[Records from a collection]
^^^^^^^^^^^^^^^^

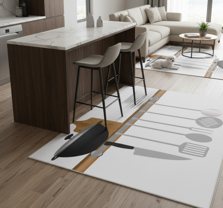 一个视觉上引人注目的设计展示了一组厨房用具,包括一把刀和一个铲子,整齐地排列在一个金属架上。一个黑色锅放在一个木质切菜板旁边,为主要以单色调为主的色彩方案增添了对比。背景突出了干净整洁的厨房美学。
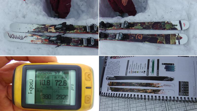 いざ未圧雪バーンへ。Aコース側はずっと左落ちの片斜面でトラバースしてはフォールラインへ、の繰り返しで滑走ラインを選んでいるうちに滑りきってしまった感じでしたorzトップのロッカー形状と幅広なプロポーションで未圧雪も楽々でした。
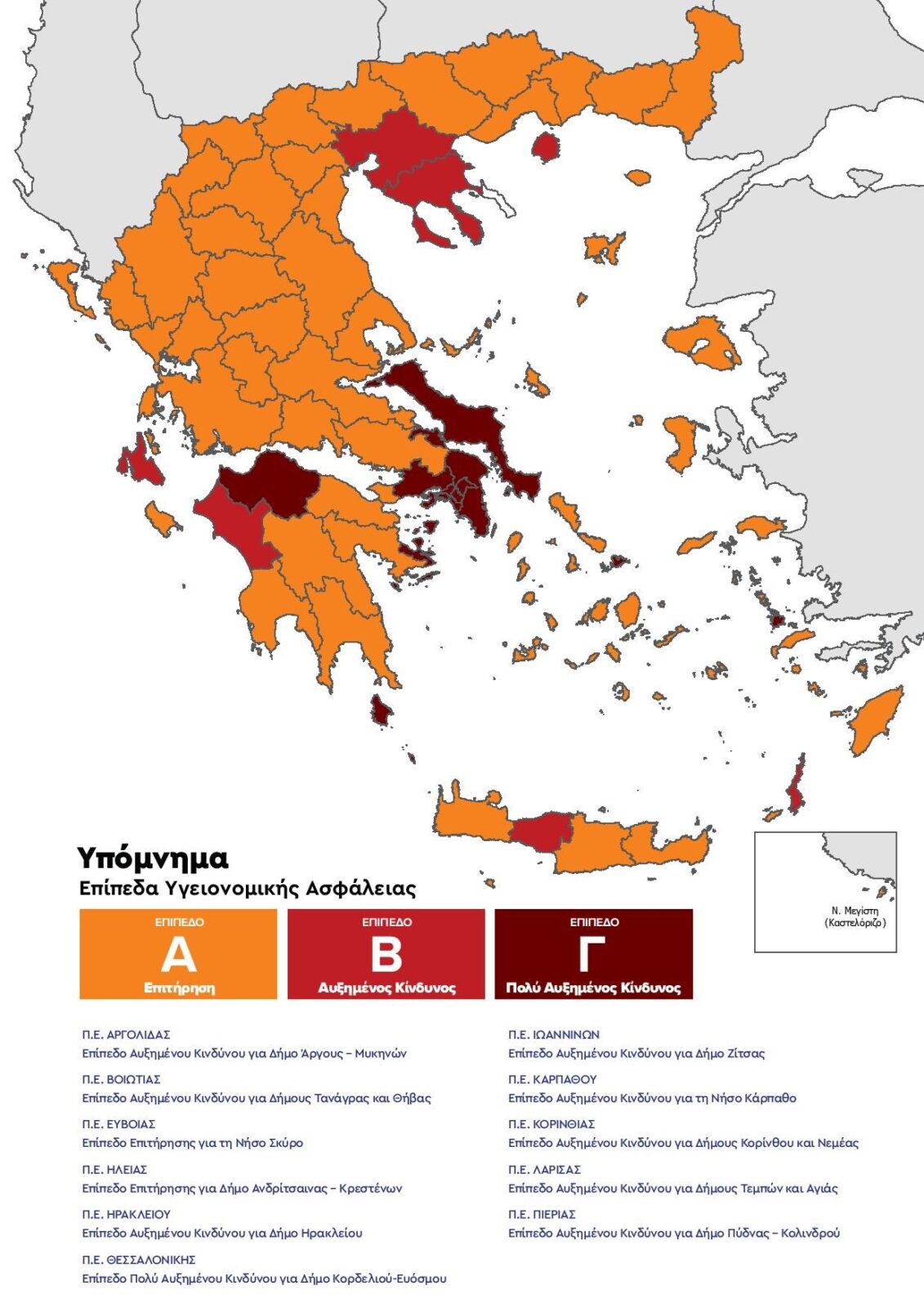Επομένως, στο επίπεδο αυξημένου κινδύνου (κόκκινο), είναι πλέον οι εξής περιοχές:
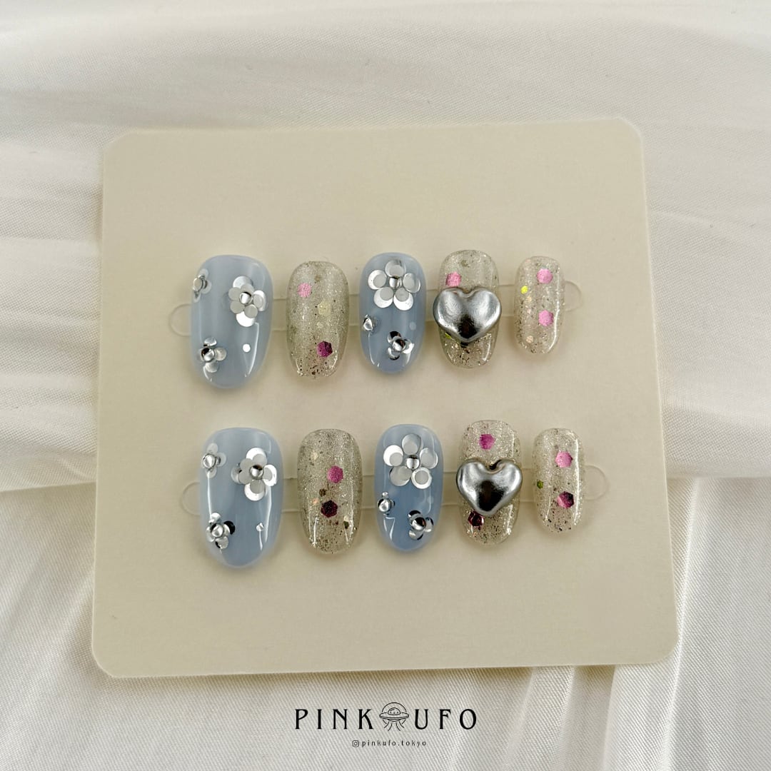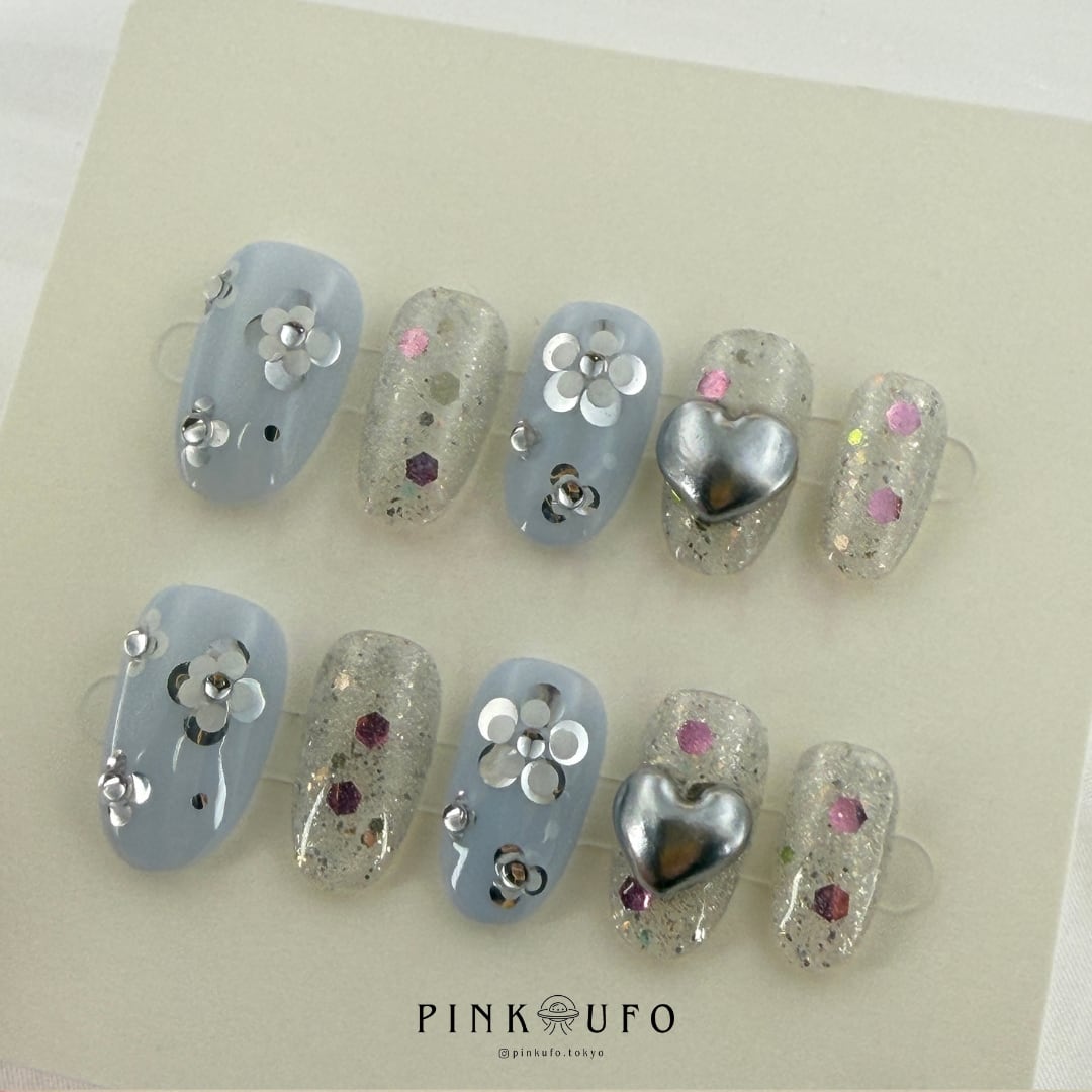 やさしいくすみブルーをベースに、繊細なラメ、ホログラムのきらめき、立体感のあるシルバーハート、フラワーモチーフを組み合わせたハンドメイドのネイルチップです。
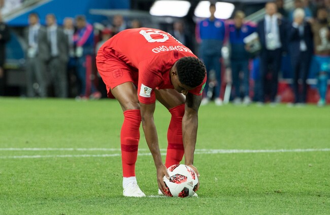 Marcus Rashford prepares for his penalty against Colombia at the 2018 World Cup. Elmar Kremser/SVEN SIMON
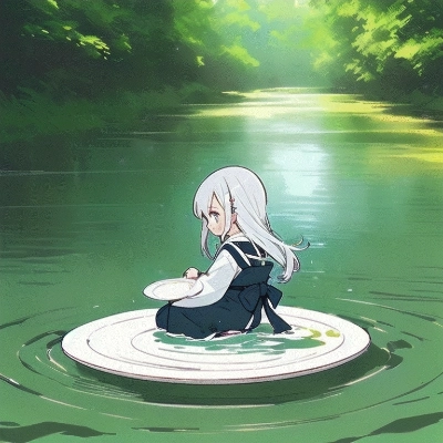 川でお皿がサラサラと…
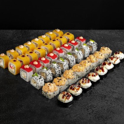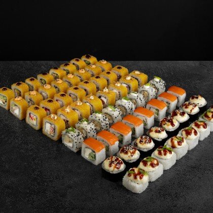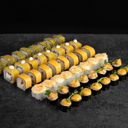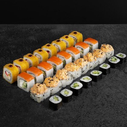 Состав: Банзай, Запеченный Голд, Темпурный ролл Веган, Хот-фиш, Калифорния в кунжуте. В комплекте: имбирь-3 шт, васаби-3 шт, соевый соус-3 шт.
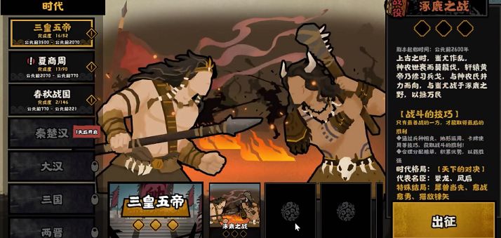 因为最后和蚩尤打的时候对方是全野兽阵容,所以在角色选择上肯定是勇士,所以路线选择太行山就刚刚好。涿鹿之战前期就是各种发育,一切都是为了最后一战,想方设法提升勇士的等级即可,一直到涿鹿之战之前都不会有什么难度,最后加加战斗力就能轻松横扫蚩尤。
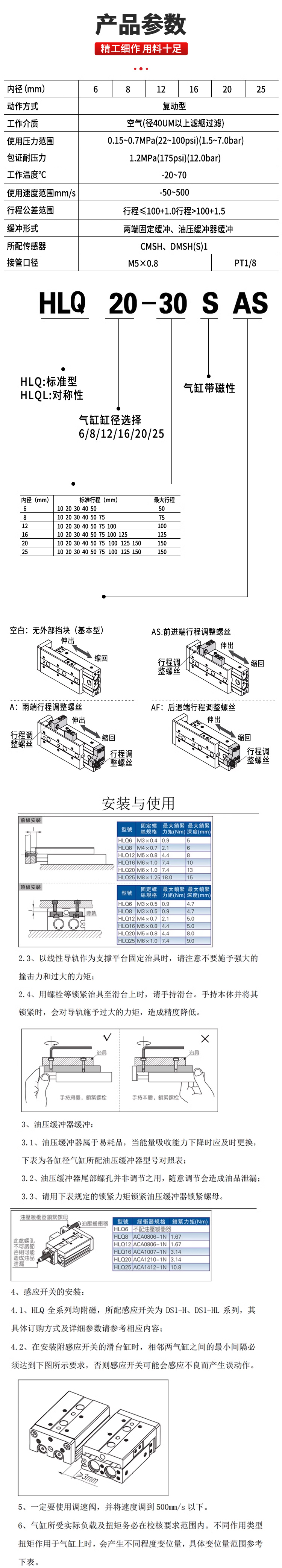 HLS HLQ HLH滑台气缸HLQ6/8/12/16/20/25X10S 20S 30S 40SHLQL
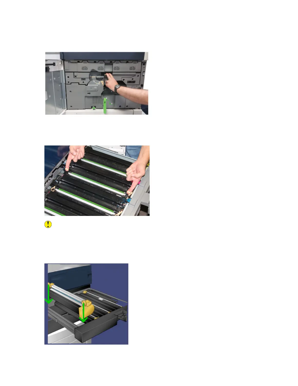 Caution: Drums are light sensitive. Do not leave the Drum Cartridge Drawer open for more
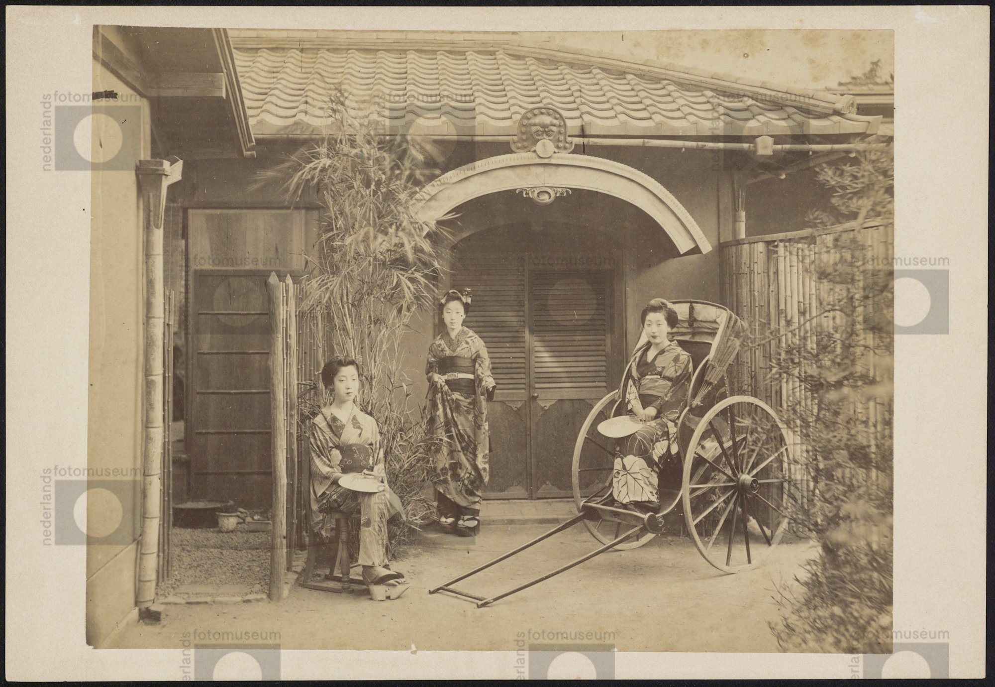 Vrouwen bij jinrikisha op binnenplaats, Japan (1881-...
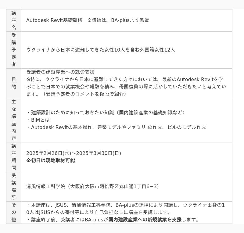 BuildApp(ビルドアップ)で建設DXに取り組む野原グループのBA-plus(ビーエープラス)株式会社(本社:東京都新宿区、代表取締役社長:塩谷 元宏)は、ウクライナ学生支援会(JSUS:Japanese Supports for Ukrainian Students、代表:清風情報工科学院 校長 平岡 憲人)とともに学校法人 清風明育社(本社:大阪府大阪市阿倍野区、理事長:平岡 龍人)が運営する専門学校「清風情報工科学院」 にて、ウクライナから日本に避難してきた女性10人(母国の国立大理系卒)を含む外国籍12人を対象に2025年2月26日(水)に「BIM講座」を開講し、講座終了後には国内建設産業への新規就業を支援することをお知らせいたします。今後も、同校にて同様の講座を開講予定です。
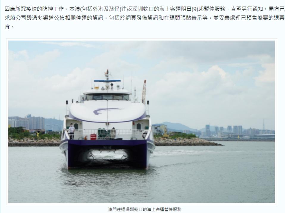 受疫情影响,深圳蛇口到澳门的游轮航线也被暂停。澳门特区政府海事及水务局1月8日晚间发布消息称,为防控新冠肺炎疫情,澳门(包括外港及氹仔)往返深圳蛇口的海上客运9日起暂停服务,直至另行通知。
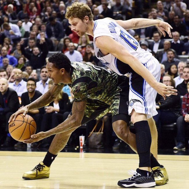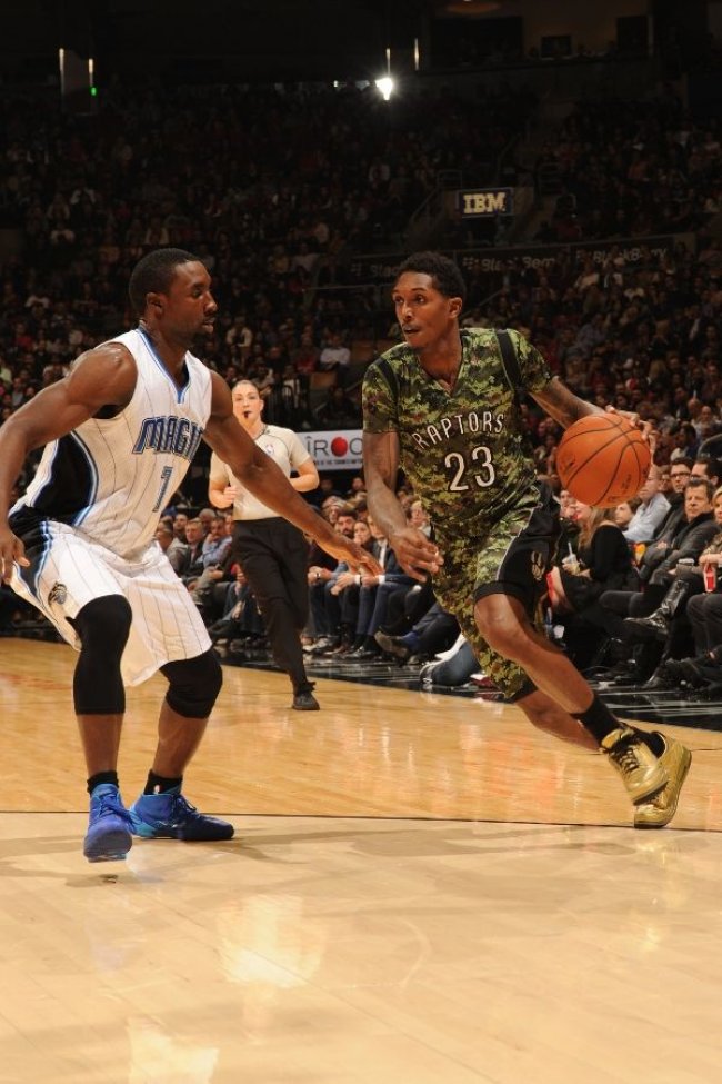 为庆祝一年一度的老兵节,多伦多猛龙队在今天对阵魔术队的比赛中穿上了短袖迷彩队服。本赛季刚刚加盟猛龙队的Louis Williams在比赛中穿着一双之前曾由Drake亲着曝光的Air Jordan 3 OVO登场,耀眼的金色鞋款加持让他很快成为了场上的焦点。

^^^^^^^^^^^^^^^^

■ Exercise objective ■
What is needed is an exact copy of the lines above, from the one holding "川でお皿がサラサラと…" down to the one holding "HLS HLQ HLH滑台气缸HLQ6/8/12/16/20/25X10S", with those two included and the pictures left out.

■ Exercise solution ■
 川でお皿がサラサラと…
 Состав: Банзай, Запеченный Голд, Темпурный ролл Веган, Хот-фиш, Калифорния в кунжуте. В комплекте: имбирь-3 шт, васаби-3 шт, соевый соус-3 шт.
 因为最后和蚩尤打的时候对方是全野兽阵容,所以在角色选择上肯定是勇士,所以路线选择太行山就刚刚好。涿鹿之战前期就是各种发育,一切都是为了最后一战,想方设法提升勇士的等级即可,一直到涿鹿之战之前都不会有什么难度,最后加加战斗力就能轻松横扫蚩尤。
 HLS HLQ HLH滑台气缸HLQ6/8/12/16/20/25X10S 20S 30S 40SHLQL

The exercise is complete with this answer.